Deu em O Globo
A julgar pelo primeiro dia de horário eleitoral dito gratuito — apenas dito, pois o contribuinte é quem paga —, eleitor interessado em saber ao certo o que pensam objetivamente os principais candidatos a presidente sobre questões concretas, e como farão para cumprir promessas, terá de esperar os debates.
Aplica-se a receita dos especialistas em marquetologia eleitoral segundo os quais o que vale é a “emoção”. Às favas com a lógica, a argumentação cartesiana e clara.
A hora é de sensibilizar o eleitorado com imagens e sons em torno de acenos que talvez não sejam efetivados, tudo a partir da projeção de uma realidade risonha, mas impraticável, por contingências da vida real —, aquela que, nestes tempos, costuma ficar em último plano. Os programas eleitorais se passam num reino da fantasia.
Se já soa artificial o resultado do trabalho de modelagem, inclusive do ponto de vista físico, em torno de Dilma Rousseff, sempre durona à frente dos ministérios de Minas e Energia e da Casa Civil, não fica atrás outro surpreendente produto das linhas de montagem de cyborgs eleitorais, o “Zé”, criado para dar tinturas de popular ao economista, ministro, parlamentar, prefeito e governador de poucos risos José Serra. É assim que a tentativa de criar o popular gera o popularesco.
Da mesma fábrica dirigida por marqueteiros tucanos surgiu em 2006 o personagem “Geraldo”, clone de Alckmin. O resultado é conhecido.

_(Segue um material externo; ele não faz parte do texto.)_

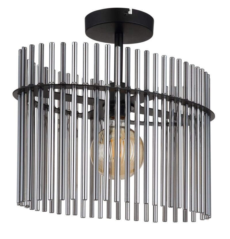 Lámpara de techo moderna con vidrio ahumado y metal negro Gorley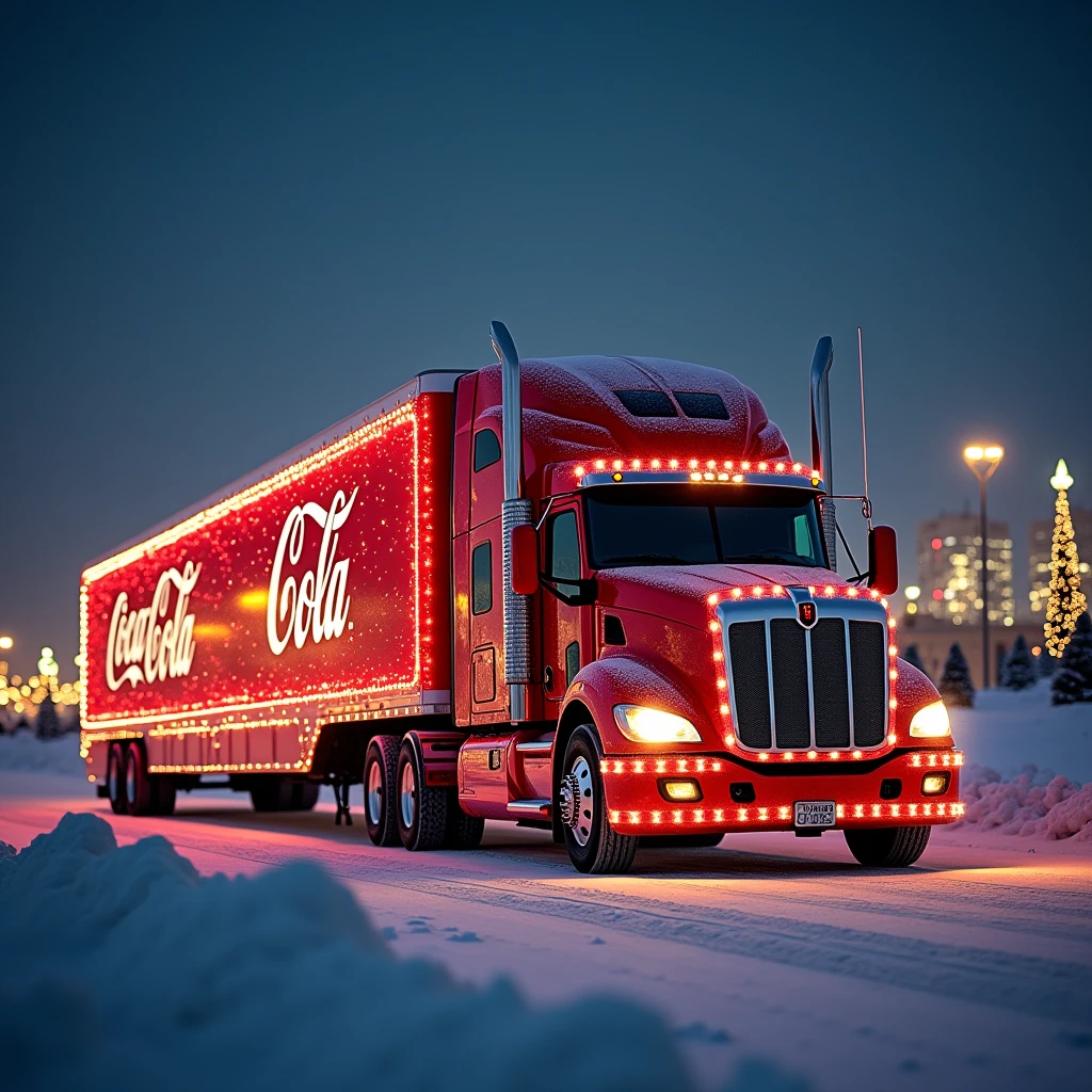 Araf truck driving down a snowy road with a coca cola sign on the side

É preciso registrar que a tão ciosa legislação eleitoral, preocupada em dar condições de igualdade aos candidatos, atenta para que trucagens não sejam usadas na campanha, passa ao largo do show de efeitos especiais em que se transformou o horário eleitoral.
Desta vez, não faltou sequer uma favela cenográfica, montada no programa do tucano. Nem sobrevoos do território nacional, no estilo super-heróis, para unir o criador Lula e sua criatura Dilma, filmados nos dois extremos do país.

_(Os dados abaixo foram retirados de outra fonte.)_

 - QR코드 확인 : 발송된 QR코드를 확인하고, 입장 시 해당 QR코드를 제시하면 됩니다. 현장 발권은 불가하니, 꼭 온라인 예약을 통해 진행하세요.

No final das contas, a legislação funciona mais é como instrumento de censura de programas de humor e da cobertura eleitoral de rádios e TVs.
Como a chamada “profissionalização” das campanhas transformou o político em um ator intérprete de texto alheio, muitas vezes encenando um personagem que ele não é, as eleições se convertem cada vez mais em palco à disposição de ficções.
Enquanto se trabalha para atenuar a imagem da Dilma ministra, compõe-se um jingle para o “Zé” Serra em que a candidatura tucana coloca-se ao lado de Lula, sem contestá-lo:
“Quando Lula da Silva sair/ É o Zé que eu quero lá”.
Partido de oposição precisa fazer oposição, diga-se o óbvio. Não pode ser sublegenda da situação, para tentar resolver o pleito apenas no confronto de currículos entre candidatos.
O PT, por sua vez, tenta vender a ilusória ideia do terceiro mandato de Lula, que, por sinal, avisa que terá papel ativo no governo Dilma. Será?
E enquanto a plateia é entretida por estes scripts, o país, em quatro meses e poucos dias, terá novo governo e Congresso, numa conjuntura mundial ainda incerta, mas que não repetirá sequer de longe o ciclo de bonança da Era Lula.
Tampouco haverá espaço para o Planalto continuar a acelerar gastos, como nos últimos quatro anos, pois a carga tributária já passou dos limites. O que dizem os candidatos?